Question

An economist is interested in studying the monthly incomes of consumers in a particular region. The population standard deviation of monthly income is known to be 1000 rupees. A random sample of 49 individuals resulted in an average monthly income of 15000 rupees. What is the total width of the 90% confidence interval? *

Answer 1

The total width of the 90% confidence interval is 469.972.

Step-by-step explanation:

We are given that an economist is interested in studying the monthly incomes of consumers in a particular region. The population standard deviation of monthly income is known to be 1000 rupees.
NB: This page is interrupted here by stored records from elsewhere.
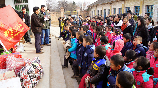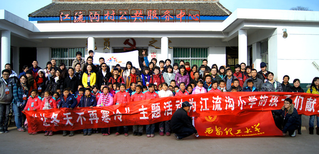 本报讯 12月12日上午11点,在我校团委的带领下,由中国移动、江铃汽车公司与我校学生会、经济与管理学院互助社组成的爱心团队驱车前往位于蓝田县偏僻山区的厚镇乡江流沟小学,为孩子们带去了御寒物资,也送去了寒冬的问候。
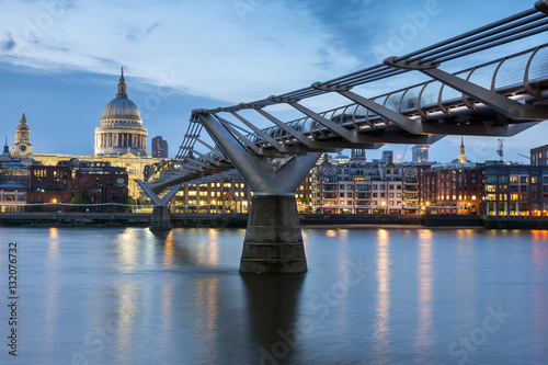 LONDON, ENGLAND - JUNE 17 2016: Night photo of Millennium Bridge and St. Paul Cathedral, London, Great Britain
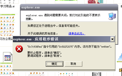 我有时一打开[我的电脑]里的某个文件夹就也出现[0x7c938fea指令引用的0x502f2075内存。该内存不能为written]这个问题。。。。如图
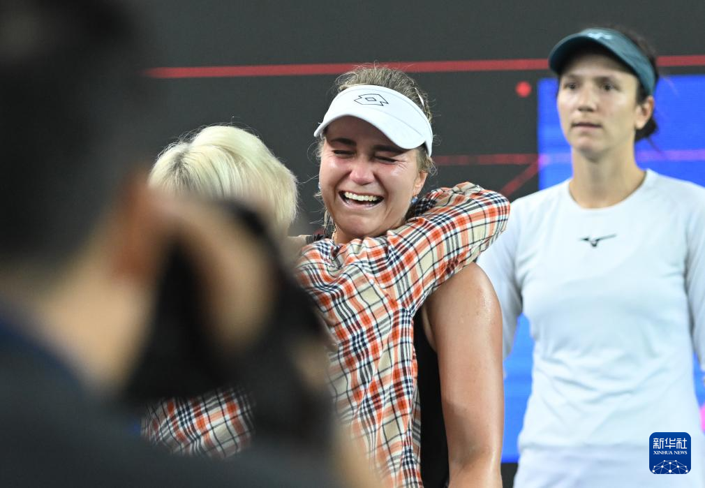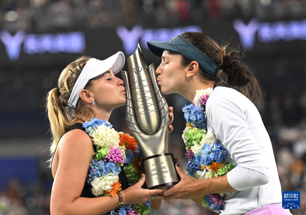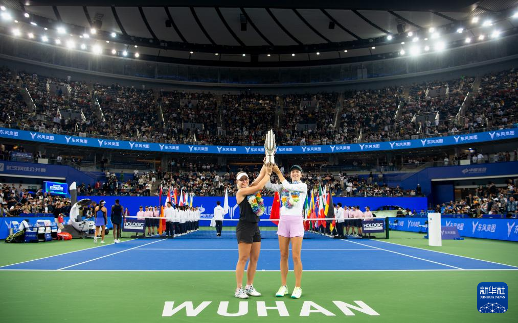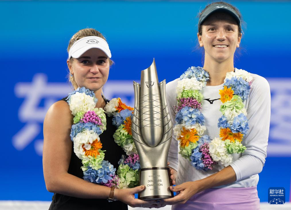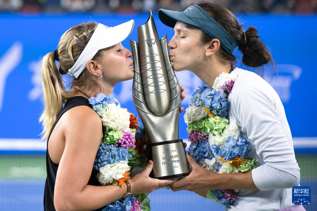 当日,在2024年WTA武汉网球公开赛女双决赛中,达尼丽娜(哈萨克斯坦)/克罗玛查娃(俄罗斯)2比0战胜美国组合穆罕默德/佩古拉,夺得冠军。
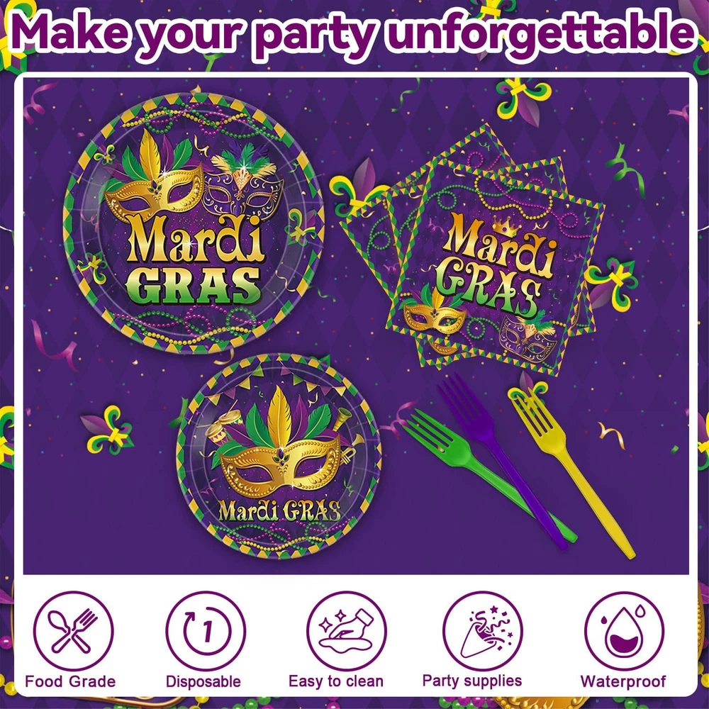 Store New Arrivals Add to Favorite View Feedback Contact Fast deliveries to the customer's home Quality customer service John Make the customers happy! 98 Pcs Mardi Gras Party Supplies, Mardi Gras Plates and Napkins Set Includes Mardi Gras Decorations Napkins, Mardi Gras Plates, Masquerade Dancing Party Tablecloth, New Orleans Tableware for 24 Guests Description package includes: you will receive 98pcs mardi gras decorations tableware set, includes: 24 9" mardi gras plates, 24 7" mardi gras party plates, 24 6.5" mardi gras party supplies napkins, and 24 plastic forks, and 2pc mardi gras tablecloth each set can serve 24 guests.making your new orleans party more interesting and attractive premium material: all of our mardi gras party decorations tableware sets like mardi gras plates and napkins is made of quality paper, and the plastic forks are made of thickened plastic material, and the thickened can withstand normal food weight. our mardi gras birthday decorations table cloth are made of quality plastic material, feel smooth and comfortable, and can be used repeatedly or once save time: no wash-up! the disposable mardi gras plates and napkins sets can save you from the hassle of cleaning after the party, you just need to throw mardi gras table decorations pack into the trash can after the party, and enjoy more time with friends and family at this masquerade dancing party wide application: the mardi gras decorations plates and napkins sets with table cloth is very suitable for madi gras party, masquerade masks theme party, and other carnival theme party, family gatherings, table decorations, these interesting designs will surprise your guests and create a wonderful time for you, your friends nice & friendly design: the mardi gras party decorations for table with classic purple gold green collocation, rich and interesting text pattern design, printed with mardi gras themed feather masquerade masks, crowns, fleurs-de-lis,mardi gras beads chains, and mardi gras phrase, create a fresh natural mardi gras party for your family and friends, which can leave you with meaningful and unforgettable memories Mardi Gras Decorations Tableware The mardi gras plates and napkins sets specifically designed for happy mardi gras party. The special design attracts people's attention, let you deeply remember this unforgettable party.You can throw mardi gras table cloth directly into the trash after use! Let you enjoy party time and spend more time with your friends and family. Easy to clean: disposable mardi gras party decorations table are an ideal alternative to traditional plastic party plates, you can simply throw them away when cleaning after the mardi gras party. Package Content: 24 pcs x mardi gras party supplies plastic forks; 24 pcs x 9''mardi gras plates; 24 pcs x 7'' mardi gras paper plates; 24 pcs x mardi gras cocktail napkins; 2 Pcs x mardi gras party decorations tablecloth disposable; Color: muliticolor Pattern image: beautiful masquerade dancing party ideas elements Happy Mardi Gras! These new orleans party decorations kit will definitely be welcomed by all party participants, get these party supplies ready for a fun party with family and friends! Product Dimensions 6 x 5 x 0.6 inches Country of Origin China Item Weight 1.94 pounds Manufacturer recommended age 1 - 18 months Included Components no ABOUT US We offer the best prices around on high quality products. Our E-store includes media such as books, movies, music and games while offering electronics, toys, sporting apparel, clothing, tools, general home, garden items and more. SHIPPING We are always working hard to ensure your package arrives as soon as possible. Please understand that some factors like weather, high postal traffic, and the performance of shipping companies are outside of our control. We offer free shipping to the lower 48 states and ship within 2 business days of payment, usually sooner. We do not accept P.O. Boxes. Please provide a physical address. For shipping outside of the continental USA, we only use eBay's Global Shipping Program. The item is shipped to KY and then sent to the rest of the world. International customers are responsible for all duties and taxes. Continue to 'check out' to calculate costs for shipping the item to your country. Messages regarding eBay's Global Shipping Program MUST be directed at eBay EXCLUSIVELY. RETURNS We offer a 30-Day Return Policy on items in which you are not completely satisfied with. You have the option of a full-refund or an exchange of the item. No returns are available on items shipped outside of the USA PAYMENT We accept PayPal. CONTACT US This page content is yet to come Please ad us to your favorite seller and visit again later Thank You CUSTOMER SATISFACTION We try our very best to make sure every customer is completely satisfied. If there's a problem, message us! We're happy to help. WE ACCEPT

A random sample of 49 individuals resulted in an average monthly income of 15000 rupees.

Firstly, the pivotal quantity for 90% confidence interval for the population mean is given by;

                              P.Q. = $\frac{\bar X-\mu}{\frac{\sigma}{\sqrt{n} } }$  ~ N(0,1)

where, $\bar X$ = sample average monthly income = Rs 15,000

            n = sample of individuals = 49

            $\sigma$ = population standard deviation = Rs 1,000

            $\mu$ = population mean monthly income

Here for constructing 90% confidence interval we have used One-sample z statistics because we know about the population standard deviation.

So, 99% confidence interval for the population mean, $\mu$ is ;

P(-1.6449 < N(0,1) < 1.6449) = 0.90  {As the critical value of z at 5%

                                     level of significance are -1.6449 & 1.6449}

P(-1.6449 < $\frac{\bar X-\mu}{\frac{\sigma}{\sqrt{n} } }$ < 1.6449) = 0.90

P( $-1.6449 \times {\frac{\sigma}{\sqrt{n} } }$ < ${\bar X-\mu}$ < $1.6449 \times {\frac{\sigma}{\sqrt{n} } }$ ) = 0.90

P( $\bar X-1.6449 \times {\frac{\sigma}{\sqrt{n} } }$ < $\mu$ < $\bar X+1.6449 \times {\frac{\sigma}{\sqrt{n} } }$ ) = 0.90

90% confidence interval for $\mu$ = [ $\bar X-1.6449 \times {\frac{\sigma}{\sqrt{n} } }$ , $\bar X+1.6449 \times {\frac{\sigma}{\sqrt{n} } }$]

                                        = [ $15000-1.6449 \times {\frac{1000}{\sqrt{49} } }$ , $15000+1.6449 \times {\frac{1000}{\sqrt{49} } }$ ]

                                        = [Rs 14765.014 , Rs 15234.986]

Therefore, 99% confidence interval for the population mean monthly income is [Rs 14765.014 , Rs 15234.986].

Now, the total width of 90% confidence interval = Rs 15234.986 - Rs 14765.014 = Rs 469.972.